**** Data provided

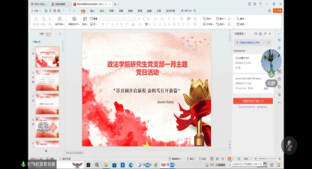 (williamhill官网网站 通讯员 胡小雪)2024年1月26日williamhill官网网站研究生党支部开展了题为“昂首阔步启新程 奋楫笃行开新篇”的主题党日活动,旨在深入开展学习贯彻习近平新时代中国特色社会主义思想主题教育,进一步提升党员同志敢于挑战、敢于突破的精神面貌。本次会议采用线上形式,由williamhill官网网站研究生党支部副书记刘静主持,williamhill官网网站研究生党支部书记李竹颖及全体党员同志参加此次会议。
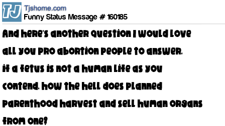 X says And here's another question I would love all you pro abortion people to answer, if a fetus is not a human life as you contend, how the hell does planned parenthood harvest and sell human organs from one?
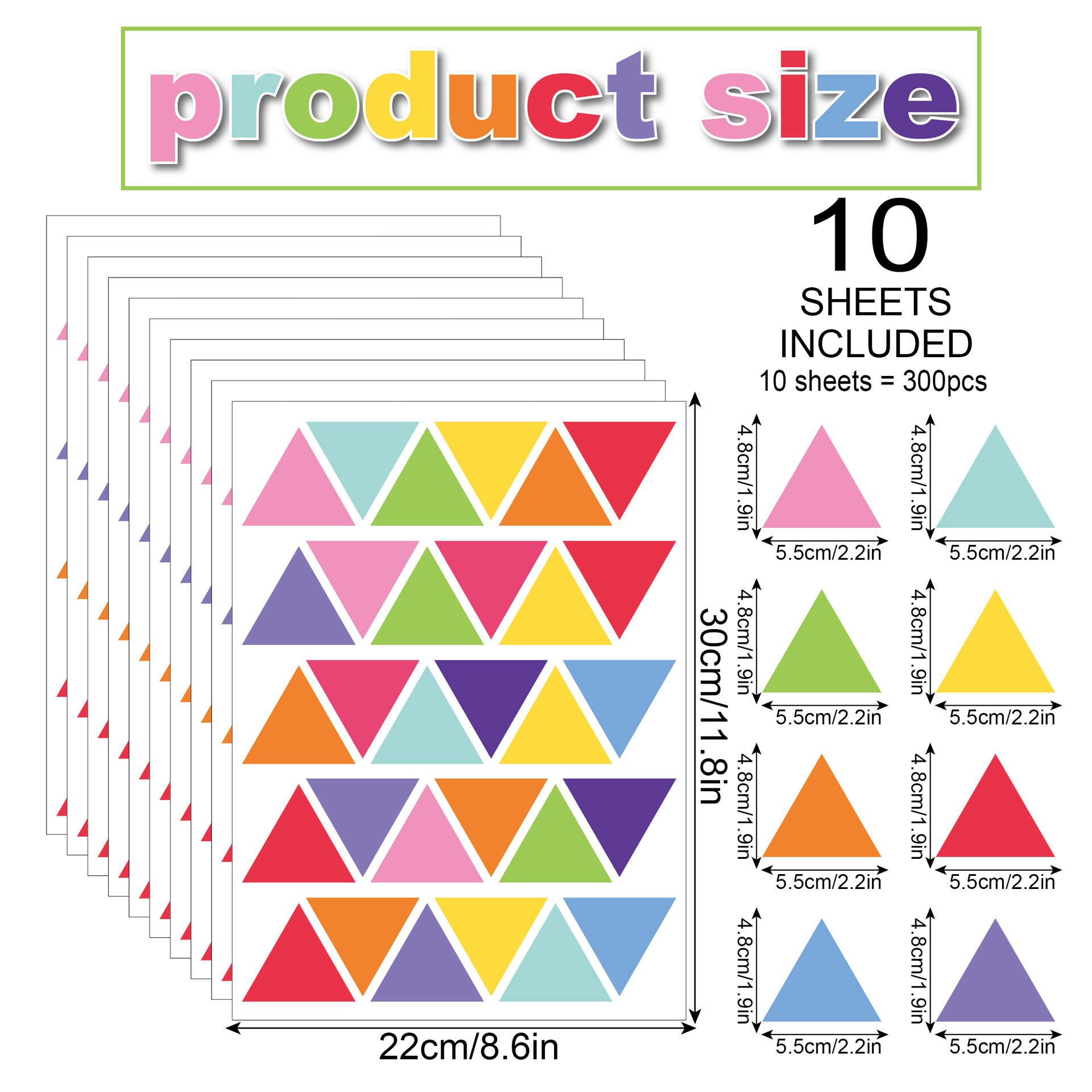 • 다채로운 삼각형 기하학적 벽 스티커

********

→ **About this task**: The answer should contain every line of the material exactly as written and no pictures.

→ **Output below**:
 (williamhill官网网站 通讯员 胡小雪)2024年1月26日williamhill官网网站研究生党支部开展了题为“昂首阔步启新程 奋楫笃行开新篇”的主题党日活动,旨在深入开展学习贯彻习近平新时代中国特色社会主义思想主题教育,进一步提升党员同志敢于挑战、敢于突破的精神面貌。本次会议采用线上形式,由williamhill官网网站研究生党支部副书记刘静主持,williamhill官网网站研究生党支部书记李竹颖及全体党员同志参加此次会议。
 X says And here's another question I would love all you pro abortion people to answer, if a fetus is not a human life as you contend, how the hell does planned parenthood harvest and sell human organs from one?
 • 다채로운 삼각형 기하학적 벽 스티커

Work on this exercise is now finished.